If Krieg approves the new plan, Bechtel can get back to work on designing the plant that will be used to destroy 2,800 tons of mustard agent artillery and mortar shells at the Pueblo Chemical Depot.

Members of the the design options group have complained for several weeks that the changes made in Bechtel's original plan, which would have destroyed everything on site, leave too many unanswered questions.

That has been made clear in the draft recommendations developed so far.

The Bechtel redesign centers around shipping some things out of Pueblo for treatment elsewhere while doing the basic water neutralization of the mustard agent here.

The three items that would be sent off-site would be: dunnage, the wood pallets and crates used to store the weapons; energetics, the propellants, fuses and bursters; and the agent hydrolysate, the contaminated water left over after the neutralization process.

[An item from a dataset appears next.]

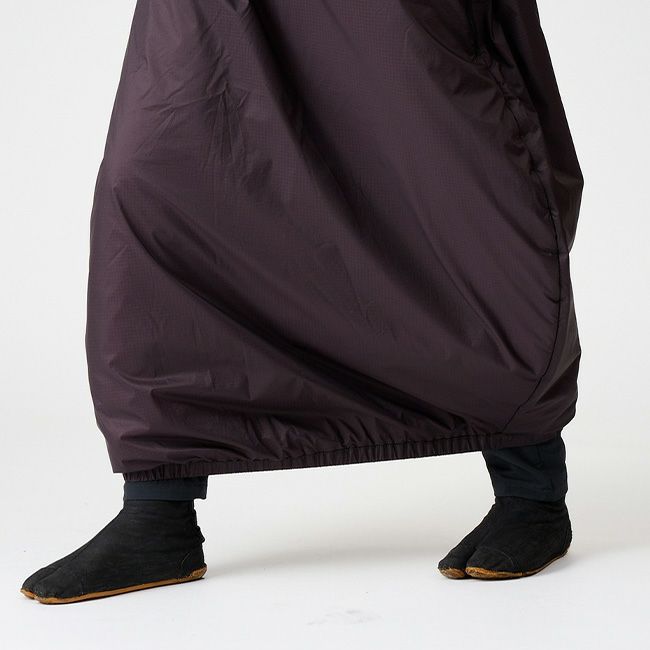 な、なにこれ?とインパクトの強い樽型のシェイプは、あぐらをかいても膝が突っ張ることなく中綿をしっかり膨らませるためのもので、日帰りシノギングの休憩やお泊りシノギングのリラックスタイムを暖かく過ごせるユニークなスカートです。座った時にずり落ちて寒くないように腰周りを深くしてあり、両脇のスルーポケットは下に穿いたパンツのポケットにアクセスできる他にハンドウォーマーとしても有効です。ダウンパンツは座って使うことが多いのに膝と腰が突っ張ってせっかくのダウンがつぶれてしまい、そこだけ寒く感じることも少なくありませんが、アグラスカートは座った状態でも立った状態でも足腰をしっかり温めます。
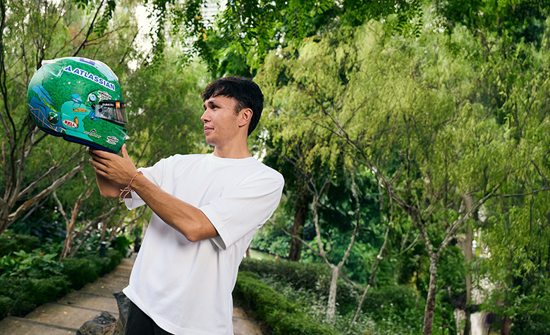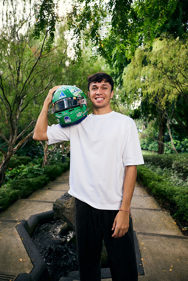อัลบอนเป็นลูกครึ่งไทย-อังกฤษ เกิดที่สหราชอาณาจักร โดยมีมารดาเป็นชาวไทย เขาลงแข่งขันภายใต้ธงชาติไทยตลอดเส้นทางอาชีพ ตั้งแต่การแข่งรถโกคาร์ทเมื่ออายุ 7 ขวบ จนก้าวสู่เวทีระดับโลก และได้กลายเป็นแรงบันดาลใจให้กับเด็กและเยาวชนทั่วประเทศ ในปี 2563 อัลบอนสร้างประวัติศาสตร์ด้วยการเป็นนักแข่งชาวไทยคนแรกที่ขึ้นโพเดียมในฟอร์มูล่าวัน ทัสกันกรังด์ปรีซ์ และในปี 2564 เขายังเป็นนักแข่งชาวไทยคนแรกที่คว้าชัยชนะในรายการ Deutsche Tourenwagen Masters หรือ DTM การมอบหมวกกันน็อกในครั้งนี้จึงสะท้อนถึงความตั้งใจของอัลบอน ในการมอบโอกาสให้เด็กในประเทศไทยได้เติบโตและพัฒนาศักยภาพอย่างเต็มที่

The dunnage, as long as it was not contaminated by mustard agent from leaking shells, would be taken to special hazardous waste landfills. The group appears ready to go along with that as long as a satisfactory method of testing for mustard agent contamination is developed.

The same reservation has been expressed for shipping energetics to another location but the draft recommendation points out that even less information has been made available about how those substances will be tested.

Group member Terry Hart suggested that the Army be urged to study recycling of the energetics for use by the mining industry.

That prompted a warning from other group members that the group should not add more conditions that could give the Defense Department any reason to delay the project for more studies.

John Klomp, chairman of the CAC and a member of the design options group had made a similar recommendation, telling the group that it needed to leave some "negotiating room."

Complaining about a lack of information would only give some officials in the Pentagon an excuse to keep the project on hold, he warned.

Another aspect of the energetics option that has raised questions is a plan to disassemble the weapons to remove the explosives but then put the shells with mustard agent back into storage until it's time to neutralize it. Originally, the shells would have gone through one smooth process of disassembly and water neutralization.

Hart agreed to a less stringent recommendation that recycling be considered.

The biggest impact on the program is the recommendation to ship the hydrolysate off-site for treatment. Bechtel's original plan called for bacterial treatment and recycling of water, something that also would mean more jobs. The group's latest draft report listed job loss as the top concern and it was suggested that while that may be a big issue locally, it wasn't a good argument to make to Pentagon planners.

The group agreed to give priority to its concerns about political obstacles to shipping hydrolysate.